By clicking “Sign up for GitHub”, you agree to our terms of service and privacy statement. We’ll occasionally send you account related emails.

Already on GitHub? Sign in to your account

[jmx-metrics] Metrics Gatherer reports old data if target becomes unavailable #910

Closed
dehaansa opened this issue Jun 8, 2023 · 5 comments

Comments

@dehaansa
Copy link
Contributor

dehaansa commented Jun 8, 2023

Component(s)

jmx-metrics

What happened?

Description

When monitoring a JMX target with the JMX metrics gatherer, if that target becomes unresponsive or unavailable the most recently collected metrics continue to report via the configured exporter as if they are new metrics.

Steps to Reproduce

Start a simple java executable like the following

cat <<EOF > hello.java
class Sleepy {
  public static void main(String args[]) throws InterruptedException {
    while (true) {
      Thread.sleep(10000);
    }
  }
}
EOF
javac hello.java

java -ea -Dcom.sun.management.jmxremote.port=9010 -Dcom.sun.management.jmxremote.authenticate=false -Dcom.sun.management.jmxremote.ssl=false -Djava.rmi.server.hostname=127.0.0.1 Sleepy > /dev/null 2>&1 &

Configure the JMX Metric gatherer to monitor said target.

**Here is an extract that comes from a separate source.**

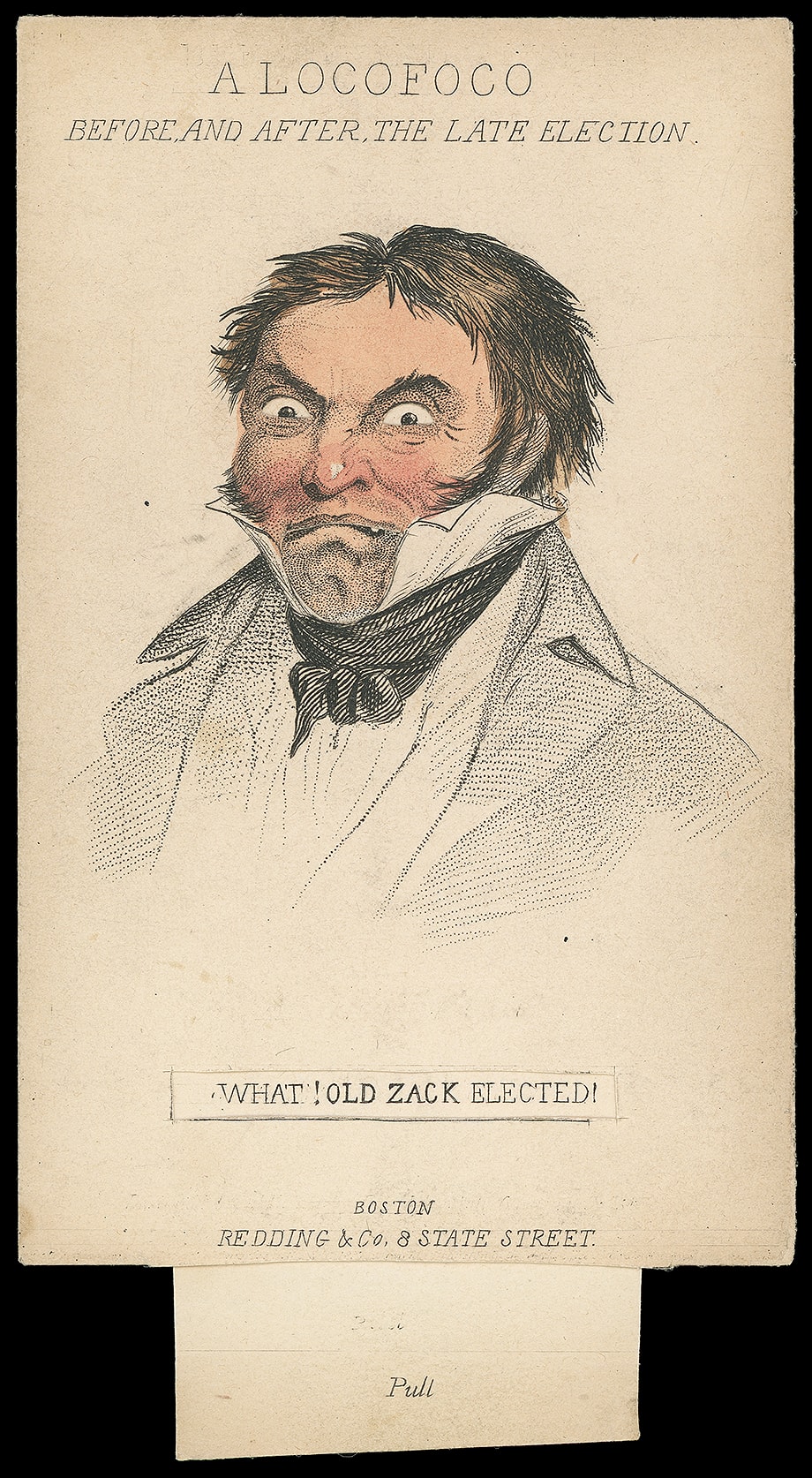 68       image(1848 Campaign) "A Locofoco". Early mechanical pull down multi-colored card showing two Faces: "What! Old Zack Elected!", other "Harra for Cass"; fragile but functional, Very Fine.

otel.jmx.service.url = service:jmx:rmi:///jndi/rmi://localhost:9010/jmxrmi
otel.jmx.target.system = jvm
otel.jmx.interval.milliseconds = 5000
otel.jmx.remote.registry.ssl=false
otel.metrics.exporter = prometheus
otel.exporter.prometheus.host = localhost
otel.exporter.prometheus.port = 4317

After seeing metrics collected at the prometheus endpoint, then stop the Sleepy java process. Observe that the metrics are still reported (with fresh timestamps) at the prometheus endpoint.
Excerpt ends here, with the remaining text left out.